# TASK PROMPT
Your task is to restate word for word the lines in the material below, from the one with "Effortlessly sophisticated and" up to and including the one with "Grafó[grafo]. Revista de". Do not carry over the pictures.

# DATA UNDER STUDY
+--

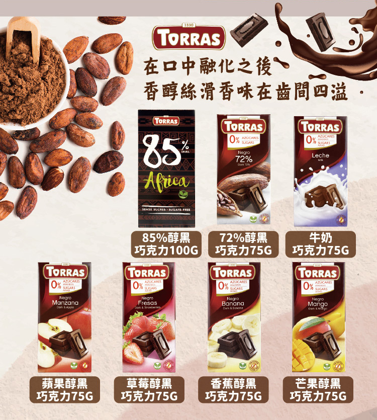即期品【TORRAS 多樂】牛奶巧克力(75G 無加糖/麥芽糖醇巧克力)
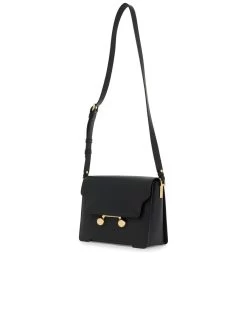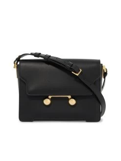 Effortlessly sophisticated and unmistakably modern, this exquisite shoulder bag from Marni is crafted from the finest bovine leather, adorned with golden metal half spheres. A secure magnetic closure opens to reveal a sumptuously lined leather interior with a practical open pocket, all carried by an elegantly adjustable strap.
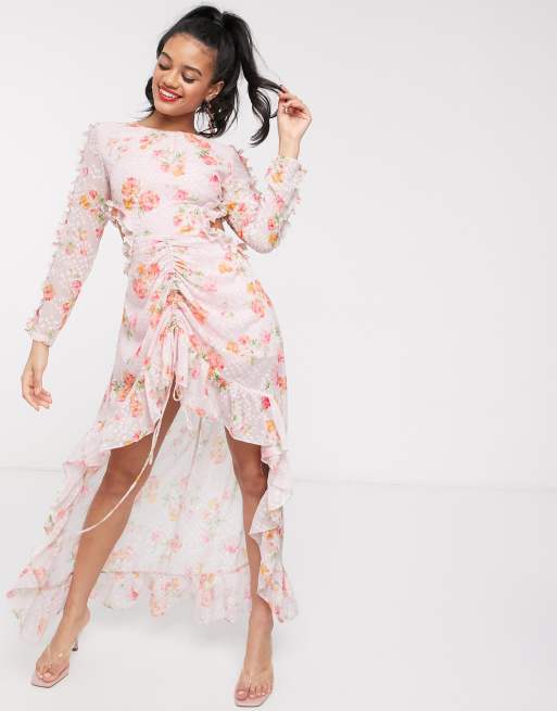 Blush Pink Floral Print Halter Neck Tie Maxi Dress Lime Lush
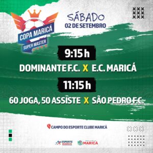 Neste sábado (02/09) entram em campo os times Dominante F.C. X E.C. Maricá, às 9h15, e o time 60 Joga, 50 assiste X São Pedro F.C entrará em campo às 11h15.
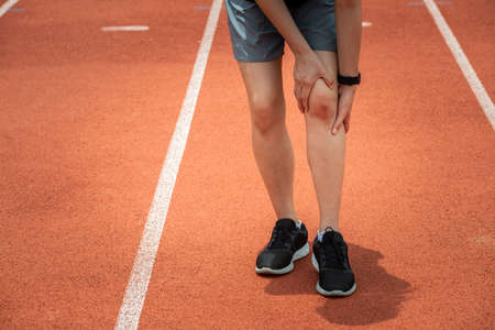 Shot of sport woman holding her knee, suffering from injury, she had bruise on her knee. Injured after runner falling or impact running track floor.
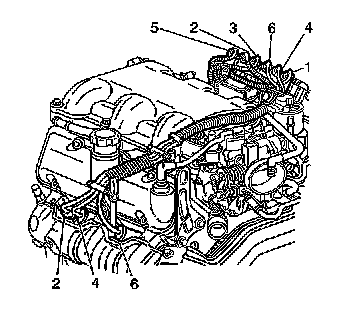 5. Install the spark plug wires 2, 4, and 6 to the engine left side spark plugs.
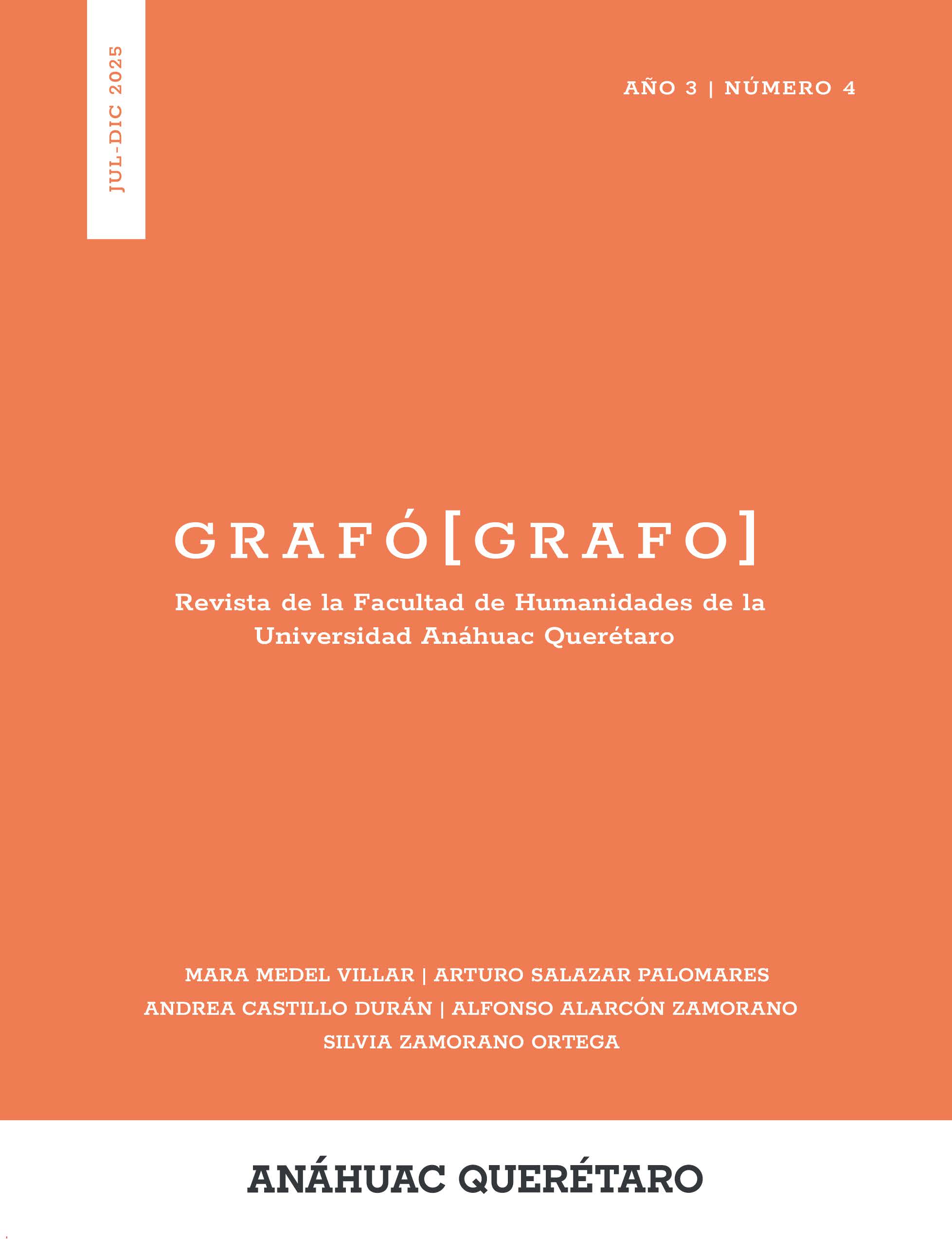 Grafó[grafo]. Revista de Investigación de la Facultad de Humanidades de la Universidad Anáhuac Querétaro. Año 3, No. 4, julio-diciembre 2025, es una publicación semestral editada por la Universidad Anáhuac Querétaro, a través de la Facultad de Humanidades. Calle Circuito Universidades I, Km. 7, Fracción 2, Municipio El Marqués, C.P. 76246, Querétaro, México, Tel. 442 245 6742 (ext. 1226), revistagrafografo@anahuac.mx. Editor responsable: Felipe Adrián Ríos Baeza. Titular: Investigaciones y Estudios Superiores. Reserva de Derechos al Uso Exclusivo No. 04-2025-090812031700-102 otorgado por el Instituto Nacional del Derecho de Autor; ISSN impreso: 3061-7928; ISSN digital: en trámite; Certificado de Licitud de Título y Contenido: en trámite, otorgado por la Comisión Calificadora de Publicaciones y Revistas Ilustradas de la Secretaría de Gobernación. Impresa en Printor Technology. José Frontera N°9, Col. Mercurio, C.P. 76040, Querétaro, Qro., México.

+--

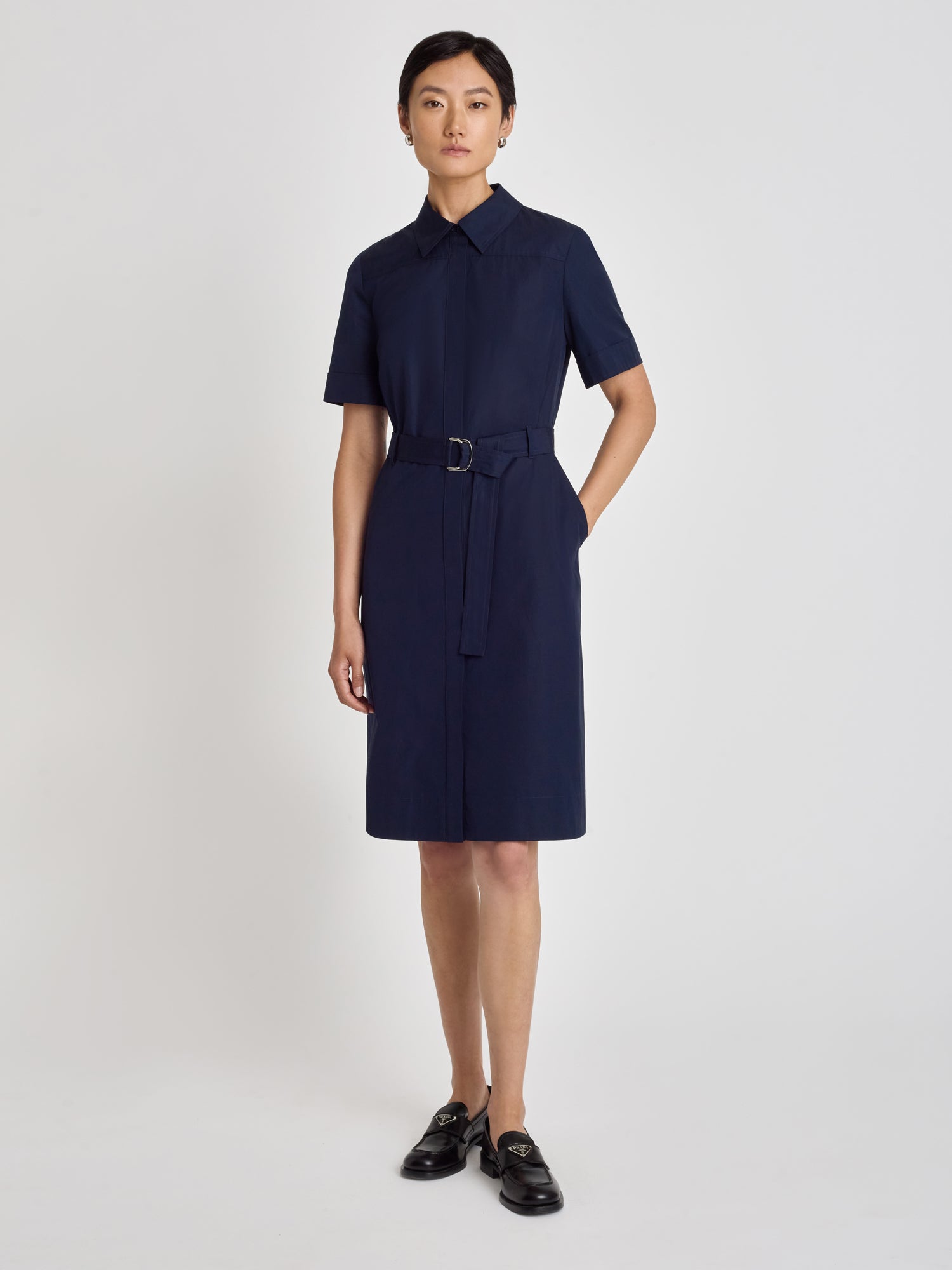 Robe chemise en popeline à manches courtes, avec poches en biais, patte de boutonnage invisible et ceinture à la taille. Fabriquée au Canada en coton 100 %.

+--

# ANSWER TO THE EXERCISE
 Effortlessly sophisticated and unmistakably modern, this exquisite shoulder bag from Marni is crafted from the finest bovine leather, adorned with golden metal half spheres. A secure magnetic closure opens to reveal a sumptuously lined leather interior with a practical open pocket, all carried by an elegantly adjustable strap.
 Blush Pink Floral Print Halter Neck Tie Maxi Dress Lime Lush
 Neste sábado (02/09) entram em campo os times Dominante F.C. X E.C. Maricá, às 9h15, e o time 60 Joga, 50 assiste X São Pedro F.C entrará em campo às 11h15.
 Shot of sport woman holding her knee, suffering from injury, she had bruise on her knee. Injured after runner falling or impact running track floor.
 5. Install the spark plug wires 2, 4, and 6 to the engine left side spark plugs.
 Grafó[grafo]. Revista de Investigación de la Facultad de Humanidades de la Universidad Anáhuac Querétaro. Año 3, No. 4, julio-diciembre 2025, es una publicación semestral editada por la Universidad Anáhuac Querétaro, a través de la Facultad de Humanidades. Calle Circuito Universidades I, Km. 7, Fracción 2, Municipio El Marqués, C.P. 76246, Querétaro, México, Tel. 442 245 6742 (ext. 1226), revistagrafografo@anahuac.mx. Editor responsable: Felipe Adrián Ríos Baeza. Titular: Investigaciones y Estudios Superiores. Reserva de Derechos al Uso Exclusivo No. 04-2025-090812031700-102 otorgado por el Instituto Nacional del Derecho de Autor; ISSN impreso: 3061-7928; ISSN digital: en trámite; Certificado de Licitud de Título y Contenido: en trámite, otorgado por la Comisión Calificadora de Publicaciones y Revistas Ilustradas de la Secretaría de Gobernación. Impresa en Printor Technology. José Frontera N°9, Col. Mercurio, C.P. 76040, Querétaro, Qro., México.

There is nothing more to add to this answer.